The Challenge: Mapping Goroutines to Threads
OS threads are maintained by the operating system, which means the OS only knows about threads, not goroutines. Therefore, a goroutine must be mapped onto a thread to execute. This implies M:N mapping. At any given time, one thread handles one goroutine.
But how should this mapping occur? Let's explore two approaches and their problems:
Approach 1: A Single Global Queue
Idea: A single global queue where threads push and pull goroutines concurrently.
Problem: This creates lock contention on the global queue. Each thread must acquire a lock, push or pull a goroutine, and then release the lock. Under high goroutine throughput, every thread is constantly fighting over the same queue. Each thread has to:
- Acquire a lock on the global queue
- Pull/Push a goroutine in the queue
- Release the lock
Approach 2: A Local Queue Per Thread
Idea: Give each thread its own local queue, eliminating contention on a shared structure.

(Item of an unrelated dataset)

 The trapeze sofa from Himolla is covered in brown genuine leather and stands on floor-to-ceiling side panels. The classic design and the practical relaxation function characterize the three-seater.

Problem: Two issues arise. First, if a goroutine makes a blocking system call, the OS blocks that thread — all goroutines waiting behind it are now stuck, even though the CPU is free. Second, load becomes unbalanced: one thread's queue may hold 100 goroutines while another's is empty, and there is no rebalancing mechanism.
The Solution: The GMP Scheduling Model
The Go developers devised an elegant solution called the GMP scheduling model, which cleverly avoids these bottlenecks. The model consists of three key components:
The Three Components:
- G (Goroutine) - The lightweight thread of execution
- M (Machine) - An OS thread (the term "Machine" is used in Go's runtime)

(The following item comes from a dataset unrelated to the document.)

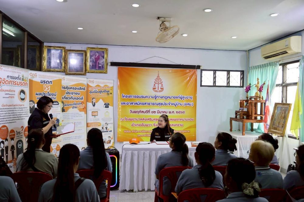 วันพฤหัสบดี ที่ 12 มีนาคม 2569 เวลา 08.30น. สำนักงานอัยการคุ้มครองสิทธิและช่วยเหลือทางกฎหมายและการบังคับคดีจังหวัดสมุทรสงครามจัดโครงการอบรมความรู้ทางกฎหมายแก่ผู้สูงอายุและอาสาสมัครสาธารณสุขประจำหมู่บ้าน (อสม.) ณ โรงพยาบาลส่งเสริมสุขภาพตำบลแพรกหนามแดง อำเภออัมพวา จังหวัดสมุทรสงคราม โดยมีวัตถุประสงค์เพื่อเป็นการส่งเสริมให้ผู้สูงอายุและอาสาสมัครสาธารณสุขประจำหมู่บ้าน (อสม.) ได้มีความรู้ ความเข้าใจในกฎหมายที่เกี่ยวข้องกับผู้สูงอายุ ได้รู้ถึงสิทธิผู้สูงอายุที่พึงได้รับตามที่กำหนดในพระราชบัญญัติผู้สูงอายุ พ.ศ. ๒๕๔๖ (พ.ศ. 2553) ลงวันที่ 15 ธันวาคม พ.ศ. 2553 การดูแลสุขภาพผู้สูงอายุ รวมทั้งกฎหมายที่จำเป็นในการดำเนินชีวิตประจำวัน และกฎหมายเกี่ยวกับการคุ้มครองผู้บริโภค และการลดการตรีตรา ขจัดการเลือกปฏิบัติ มิให้เกิดการรังเกียจกีดกันตีตรา เลือกปฏิบัติต่อผู้ติดเชื้อเอชไอวี หรือผู้เกี่ยวเนื่องกับเอชไอวี เพราะมนุษย์ทุกคนมีศักดิ์ศรีความเป็นมนุษย์อย่างเสมอภาพเท่าเทียมกัน การให้ความรู้ ความเข้าใจกับประชาชน จึงเป็นการป้องกันการละเมิดสิทธิมนุษยชน ซึ่งมีผู้เข้ารับการอบรม จำนวน 56 คน

- P (Processor) - Not a CPU, but a logical processor that acts as a middleman.
Important: There is still a global run queue in the GMP model, but it's not the primary queue. It is used as a secondary queue.
What is a Processor (P)?
Instead of assigning queues directly to threads, Go uses distributed run queues owned by Ps. Each P maintains its own local run queue that holds multiple goroutines. Think of P as a scheduling context that bridges goroutines and threads.
Key relationships:
- Each P maintains a local run queue of goroutines
- Each P is attached to an M (OS thread)
- P controls the parallelism in your program
Understanding GOMAXPROCS: Tuning the Engine's Parallelism
When are Goroutines and Threads Created?
- Goroutines (G) are created as per your code instructions (e.g., go functionName())
- Threads (M) are created by the scheduler when needed.

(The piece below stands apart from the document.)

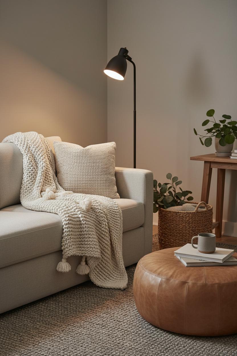 One of my favorite small living room ideas is to use texture to create zones when square footage is limited. Anchor the seating area with a neutral area rug, then echo its softness up on the sofa with your throw so the eye reads one cohesive, cozy nook. A dimmable floor lamp beside the couch keeps the glow low and flattering—dial it down in the evening and the whole room feels like a candlelit hug. Mix materials so everything doesn’t compete: linen or bouclé pillows, the knit throw, maybe a leather ottoman, and a bit of matte ceramic on the coffee table. Keep your color story tight and let the tactile layers do the talking; it’s the simplest way to elevate living room decor without adding visual clutter.
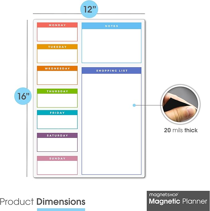 Magnetic Dry Erase White Board Planner for Fridge | Apartment Essentials and Home Organization Must Have | Family Planning, Grocery List, Whiteboard Calendar, Chore Chart | Multi-Color 12" x 16"

Here's the crucial insight: P controls parallelism. The number of Ps determines:
- The number of local run queues
- The maximum number of goroutines that can run in parallel
- The number of threads (Ms) required
The GOMAXPROCS Setting
GOMAXPROCS determines the number of Ps in your program, and it can be manually configured.
Example scenario:
- System: 2 CPU cores
- Goroutines: 16 created
- Setting: GOMAXPROCS = 4
What happens:
- 4 Ps are created → 4 local run queues
- Goroutines are distributed across queues (e.g., 4 goroutines per queue)
- 4 Goroutines can run in parallel.
- The Go runtime requests 4 Ms (threads) from the OS
- Each P attaches to an M
The problem: With only 2 CPU cores but 4 threads, the OS must perform context switching between threads at the kernel level, which is relatively expensive.
Best practice: Set GOMAXPROCS = number of CPU cores (this is also the default in modern Go).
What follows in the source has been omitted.